--- Record extracts ---
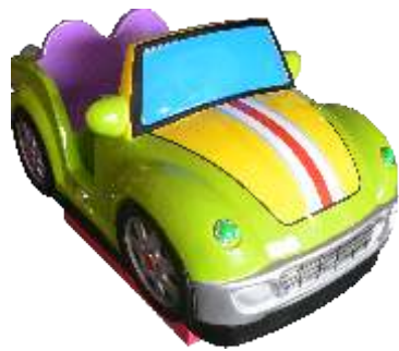
YA-QF889 Green sports car 绿色跑车
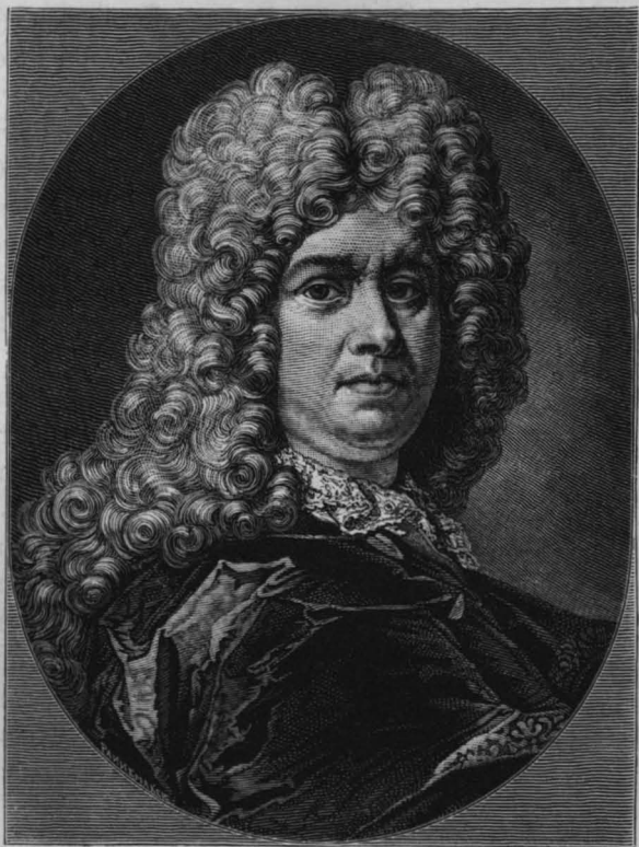
Амстердамскій бургомистръ Витзень.

До XVI вѣка на Западѣ почти ничего не знали о Россіи. Затѣмъ трудъ Герберштейна нѣкоторое время оставался главнымъ,
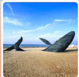
วาฬผู้โดดเดี่ยว
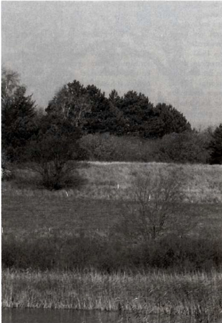
Landskabet ved Kirkesø i Knardrup med Galdebakke i baggrunden, fotograferet mod nord.

ter anses for sandsynligt, at der aldrig har været en galge på bakken i Knardrup. Navnet Galgebakken er fra den nære nutid og resultatet af en sproglig forvanskning. Pænerne sagt og måske mere korrekt - resultatet af en sproglig udvikling. Måske hjulpet godt på vej af en landmåler.
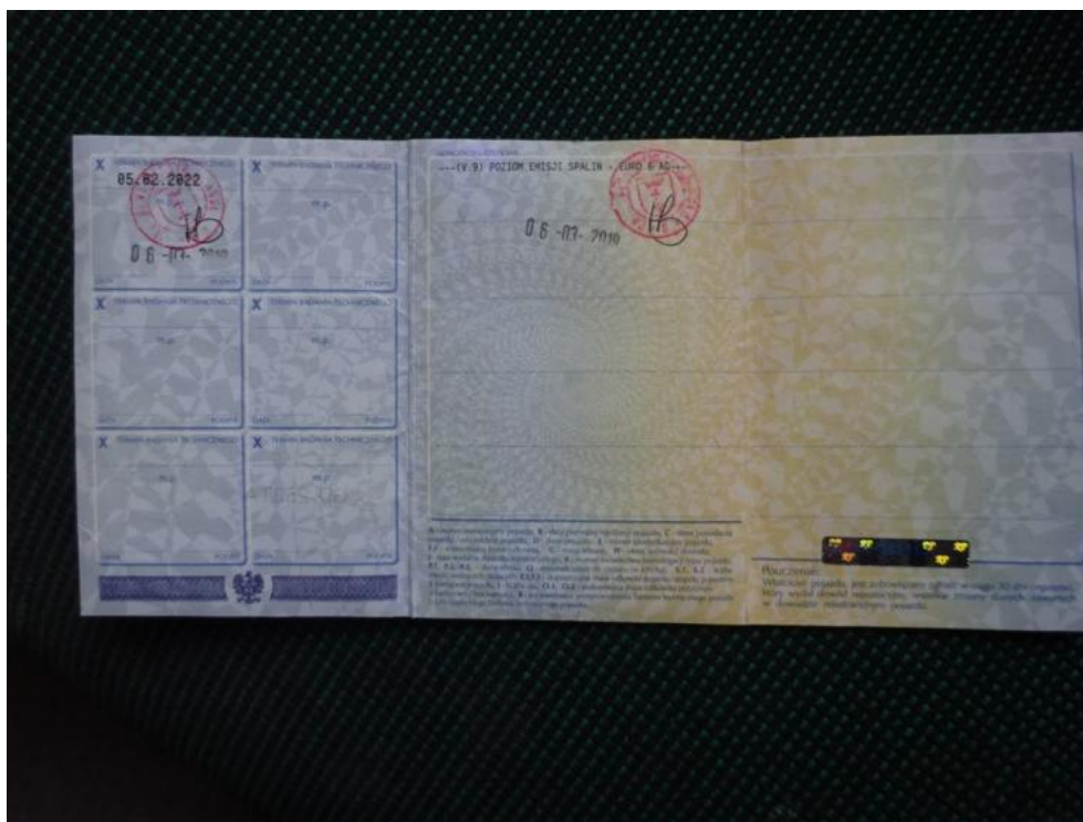
Fot. 19. Dowód rejestracyjny.
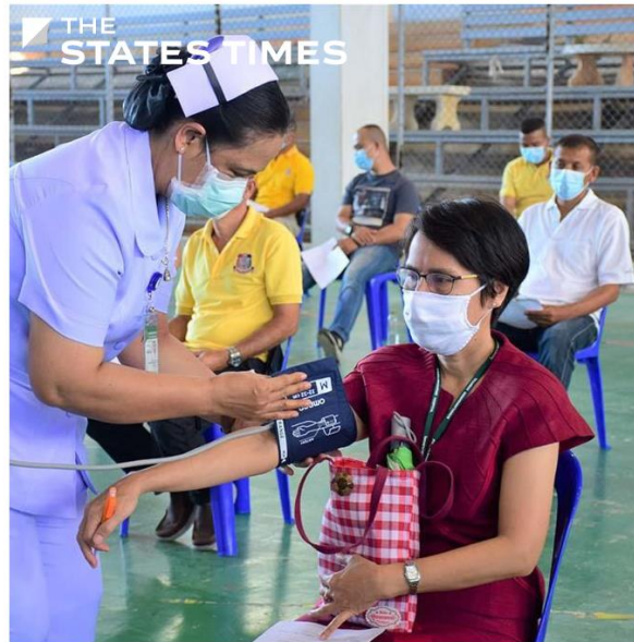
สงขลา - ม.อ. พร้อม !! เตรียมพื้นที่ฉีดวัคซีนโควิด-19 ดีเด่น 7 มิ.ย. นี้ รองรับ 1,000-2,000 คนต่อวัน
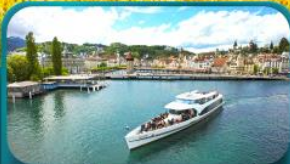
ล่องเรือทะเลสาบลูซิิร์น
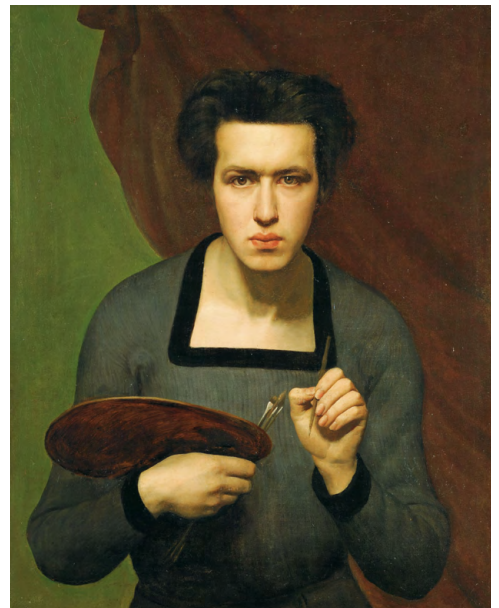
Louis Janmot, Autoportrait , 1832
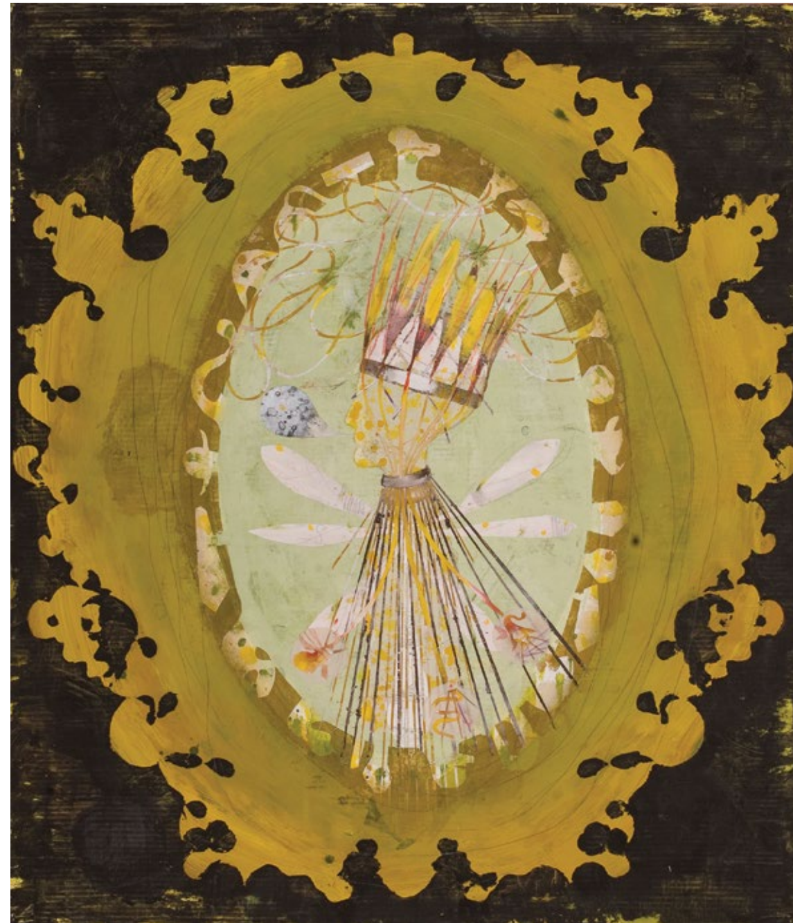
Камеја у пламену – Профил зелени / Cameo Burst – Profile in Green 2009, акрилна боја на платну / acrylic paint on canvas, 140 x 120 cm
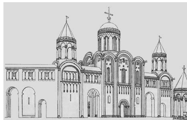
Боголюбово. Резиденция князя. Реконструкция

На высоком берегу Нерли, недалеко от Владимира, расположен другой памятник архитектуры — резиденция князя Андрея Боголюбского (1111–1174) — Боголюбов-город. Когда-то здесь были построены мощные крепостные стены и дивной красоты храмы. Была в них своя особенность, указывающая на иноземное влияние. О таких влияниях Н.К. Рерих писал: «Иноземная рука не кривит русский творческий путь» [2, т.III, с.378]. Великий художник не устаёт повторять это везде, где заходит речь о чужеземных влияниях в русском искусстве. «Русский народ никогда не болел скверною болезнью шовинизма. Не боялся иноземцев, ибо сам знал своё

--- Task item ---
Produce an exact reprint of the entries, dropping the images.

--- Task response ---
YA-QF889 Green sports car 绿色跑车
Амстердамскій бургомистръ Витзень.

До XVI вѣка на Западѣ почти ничего не знали о Россіи. Затѣмъ трудъ Герберштейна нѣкоторое время оставался главнымъ,
วาฬผู้โดดเดี่ยว
Landskabet ved Kirkesø i Knardrup med Galdebakke i baggrunden, fotograferet mod nord.

ter anses for sandsynligt, at der aldrig har været en galge på bakken i Knardrup. Navnet Galgebakken er fra den nære nutid og resultatet af en sproglig forvanskning. Pænerne sagt og måske mere korrekt - resultatet af en sproglig udvikling. Måske hjulpet godt på vej af en landmåler.
Fot. 19. Dowód rejestracyjny.
สงขลา - ม.อ. พร้อม !! เตรียมพื้นที่ฉีดวัคซีนโควิด-19 ดีเด่น 7 มิ.ย. นี้ รองรับ 1,000-2,000 คนต่อวัน
ล่องเรือทะเลสาบลูซิิร์น
Louis Janmot, Autoportrait , 1832
Камеја у пламену – Профил зелени / Cameo Burst – Profile in Green 2009, акрилна боја на платну / acrylic paint on canvas, 140 x 120 cm
Боголюбово. Резиденция князя. Реконструкция

На высоком берегу Нерли, недалеко от Владимира, расположен другой памятник архитектуры — резиденция князя Андрея Боголюбского (1111–1174) — Боголюбов-город. Когда-то здесь были построены мощные крепостные стены и дивной красоты храмы. Была в них своя особенность, указывающая на иноземное влияние. О таких влияниях Н.К. Рерих писал: «Иноземная рука не кривит русский творческий путь» [2, т.III, с.378]. Великий художник не устаёт повторять это везде, где заходит речь о чужеземных влияниях в русском искусстве. «Русский народ никогда не болел скверною болезнью шовинизма. Не боялся иноземцев, ибо сам знал своё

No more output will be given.